4. If within the periods specified in paragraph 3 of this Article, the necessary appointments have been made, in the absence of other agreement, either Contracting Party may request the International Court of Justice to make the necessary appointment. If the President of the International Court of Justice is a national of either Contracting Party or is otherwise unable to discharge the said function, make the necessary appointments will be offered to the deputy chairman of the International Court of Justice. If the deputy chairman of the International Court of Justice is also a national of either Contracting Party or is otherwise unable to

Discharging the said function, make the necessary appointments will be offered next in seniority of the member of the International Court of Justice who is not a national of either Contracting Party.

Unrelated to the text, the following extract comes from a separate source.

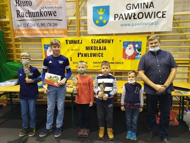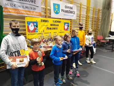 Dnia 29 listopada 2020 r. Stowarzyszenie Szachowe Gminy Pawłowice zorganizowało w Gminnym Ośrodku Sportu w Pawłowicach Mikołajkowy Turniej Szachowy dla dzieci szkół podstawowych. W turnieju udział wzięło 58 dzieci, rywalizujących na dystansie 9 rund po 10 minut na zawodnika w następujących kategoriach:I - chłopcy: klasy 1-3II - chłopcy: klasy 4-8III - dziewczynki: klasy 1-3IV - dziewczynki: klasy 4-8Cały turniej w grupie 58 zawodników wygrał: Borys Witczak z UKS Hetman Częstochowa,II miejsce: Alicja Wojs z UKS Baszta Wodzisław Śląski,III miejsce: Samuel Maj z MAT Myślenice.W kategorii chłopców klasy 1-3 zwyciężył Borys Witczak,II miejsce - Mikolaj Słobodzian,III miejsce - Jakub KałużaW kategorii chłopców klasy 4-8 zwyciężył Samuel Maj,II miejsce - Kamil Pawłowski,III miejsce - Bartosz Mruk z Stowarzyszenia Szachowego Gminy Pawłowice. W kategorii dziewczynek klasy 1-3 zwyciężyła Karolina Figa,II miejsce - Blanka Polakiewicz,III miejsce - Zuzanna Kamińska.W kategorii dziewczynek klasy 4-8 zwyciężyła Alicja WojsII miejsce - Natalia Strzoda,III miejsce - Nikola Herezy.Wśród 10 dzieci ze Stowarzyszenia Szachowego Gminy Pawłowice najlepszy wynik uzyskali w klasach IV-VIII: Bartosz Mruk, Radosław Sobik, Jeremiasz Gębusia, Filip Chwastykowski i Dominik Musiolik, w klasach I-III: Filip Sokół, Bartłomiej Knaś, Igor Musiolik i Wojciech Knaś. Natomiast wśród dziewczynek w klasach IV-VIII najlepsza okazała się Weronika Gawełczyk. Dodatkowo nagrodzono Pucharami trzy najlepsze rodzeństwa spośród jedenastu biorących udział. Pierwsze miejsce wśród rodzeństw zajęli Kamil i Filip Pawłowski z Ogniska TKKF Dobczyce, drugie miejsce Natalia i Szymon Strzoda z UKS Pionier Jastrzębie, a trzecie Daria i Mikołaj Słobodzian z MUKS SZS Cieszyn.Wszystkie dzieci otrzymały słodycze i nagrody a najlepsi puchary. Turniej przeprowadzili i sprawnie poprowadzili członkowie Stowarzyszenia Szachowego Gminy Pawłowice.

5. The arbitral tribunal shall render its decision by majority vote. This decision will be final and binding on both Contracting Parties. Each Contracting Party shall bear the expenses related to the activities of its own member of the court and its representation in the arbitration proceedings; costs associated with the chairman of the court activity, and other expenses will be borne by the Contracting Parties in equal shares. However, the Court may in its decision that one of the Contracting Parties shall bear a larger share of spending, and that decision will be binding on both Contracting Parties. The arbitral tribunal shall determine its own procedure.

Article 12. Consultations

The Contracting Parties shall at the request of any of them, shall hold consultations on matters relating to the interpretation or application of this Agreement.

Article 13. Application of the Agreement

This Agreement shall apply to all investments made by investors of one Contracting Party on the territory of another Contracting Party since 1 January 1992.

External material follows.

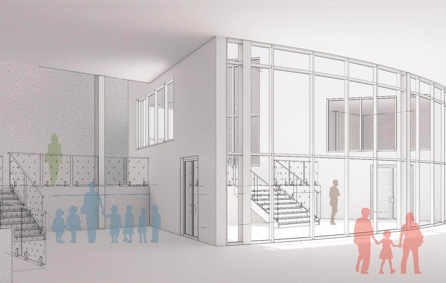 The atrium acts as the nucleus of The Nest, dictating the entire flow of the building. From circulation to structure to programming, all of these elements extend from the atrium, and this centralized hub contains all of the horizontal and vertical circulation. As you circulate through it, the public is able to experience the whole building without disrupting the activities happening within.

Article 14. Entry Into Force and Duration of the Agreement

1. Each Contracting Party shall notify the other Contracting Party of the completion of internal procedures necessary for the entry into force of this Agreement. This Agreement shall enter into force from the date of receipt of the last of the two notifications.

2. This Agreement shall remain in force for fifteen years. After this period, it shall remain in force until the expiration of twelve months from the date when one of the Contracting Parties shall notify the other Contracting Party of its intention to terminate this Agreement.

3. This Agreement may be amended by mutual written consent of the Contracting Parties. Any amendment shall enter into force after each Contracting Party shall notify the other Contracting Party of the fulfillment of all internal procedures necessary for the entry into force of such amendment.

4. With respect to investments made prior to the date of termination of this Agreement and covered by its action, all other provisions of this Agreement shall remain in force for a period of fifteen years from that date

Conclusion

Done in Moscow on 16 April 1999 in two copies, each in the Russian and Tajik languages, both texts being equally authentic.